Un episodio de mi infancia

Yo no hablaba. Sólo miraba. Veía los cuerpos, los gestos y escuchaba las palabras. Constantemente me preguntaban, ¿por qué no hablas? Mi primera palabra escuchada por oídos humanos fue ¡Cállate ya!, un perico me la enseñó.

El perico sólo eso sabía decir, y yo lo miraba atentamente; después le platicaba cosas, no recuerdo cuáles. Yo hablaba claro que hablaba, pero hablaba con ese perico que al finalizar me gritaba ¡Cállate ya!

La gente creía que yo era muda o retardada, yo sólo los miraba. Preguntaban extrañados, ¿nena por qué no hablas? No tenía ganas de hacerlo. Todos hablaban hasta se tropezaban con las palabras, otros hablaban tan rápido que ni se les entendía lo que decían. Un pues se convertía en un ps, un para qué en un paque. Me divertía en grande, pero no reía.

Sacaron sus hipótesis de que yo estaba sorda. Me hablaban despacito para qué entendiera, según ellos; me reía para mis adentros por las caras tan chistosas que hacían. Nadie sabía que yo hablaba y que sólo hablaba con el perico.

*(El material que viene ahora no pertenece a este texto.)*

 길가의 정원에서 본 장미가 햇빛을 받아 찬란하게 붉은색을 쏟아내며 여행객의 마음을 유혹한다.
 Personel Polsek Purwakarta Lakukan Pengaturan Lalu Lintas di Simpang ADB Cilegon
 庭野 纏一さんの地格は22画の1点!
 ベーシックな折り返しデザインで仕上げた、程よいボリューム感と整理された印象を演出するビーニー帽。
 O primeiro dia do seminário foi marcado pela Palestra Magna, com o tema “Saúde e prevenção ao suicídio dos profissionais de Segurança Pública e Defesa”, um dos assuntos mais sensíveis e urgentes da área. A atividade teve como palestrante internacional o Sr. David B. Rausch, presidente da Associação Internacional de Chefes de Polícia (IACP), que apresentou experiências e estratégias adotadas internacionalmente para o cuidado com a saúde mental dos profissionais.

Un buen día, mi vecina me descubrió: ¡Sí hablas gritó!, habla, anda habla, insistió. Yo le respondí: ¡Cállate ya!, comenzó a reír.

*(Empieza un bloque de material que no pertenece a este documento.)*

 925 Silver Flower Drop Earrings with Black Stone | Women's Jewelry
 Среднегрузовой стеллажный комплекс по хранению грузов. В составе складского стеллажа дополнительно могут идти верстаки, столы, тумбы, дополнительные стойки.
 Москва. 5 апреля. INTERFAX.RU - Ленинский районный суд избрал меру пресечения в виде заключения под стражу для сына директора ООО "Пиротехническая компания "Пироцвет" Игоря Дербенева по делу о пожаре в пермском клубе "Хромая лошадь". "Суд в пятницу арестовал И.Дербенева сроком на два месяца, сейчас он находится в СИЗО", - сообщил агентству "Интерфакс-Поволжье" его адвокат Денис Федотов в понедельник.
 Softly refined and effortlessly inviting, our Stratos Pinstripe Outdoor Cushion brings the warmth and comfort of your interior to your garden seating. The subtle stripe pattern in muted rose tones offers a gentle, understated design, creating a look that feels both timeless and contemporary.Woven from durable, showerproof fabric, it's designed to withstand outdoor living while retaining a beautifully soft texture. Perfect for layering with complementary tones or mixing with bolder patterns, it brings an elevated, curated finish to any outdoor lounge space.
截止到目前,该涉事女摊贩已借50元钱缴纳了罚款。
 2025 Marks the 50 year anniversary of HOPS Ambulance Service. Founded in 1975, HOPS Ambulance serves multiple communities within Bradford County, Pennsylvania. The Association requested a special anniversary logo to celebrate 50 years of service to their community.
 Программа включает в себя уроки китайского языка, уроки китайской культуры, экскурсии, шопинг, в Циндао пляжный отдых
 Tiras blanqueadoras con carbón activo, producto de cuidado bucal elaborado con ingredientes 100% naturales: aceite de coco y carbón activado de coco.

Inmediatamente fue a presumir a todos los presentes que ya hablaba. Decía: ¡Miren ya habla!, repite, repite, la miré, ¡cállate ya!, exclamé, todos rieron.

Le adjudicaron la gran hazaña al perico.

― Un perico le enseñó a hablar, por ahora dice una palabra, pero ya es algo.

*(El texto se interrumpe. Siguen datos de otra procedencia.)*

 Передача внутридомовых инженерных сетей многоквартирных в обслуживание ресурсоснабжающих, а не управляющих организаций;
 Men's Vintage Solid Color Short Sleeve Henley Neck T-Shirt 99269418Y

― Mi perico le enseñó― soltaba la vecina orgullosa.

Lo dejé pasar.

Ese perico me enseñó a hablar con los humanos y a callarlos. Él fue mi gran amigo y mi gran maestro. En mi memoria lo conservo… su cuerpo verde, inquieto, comiendo semillas, meciéndose, mirándome, mirándolo…recordándolo.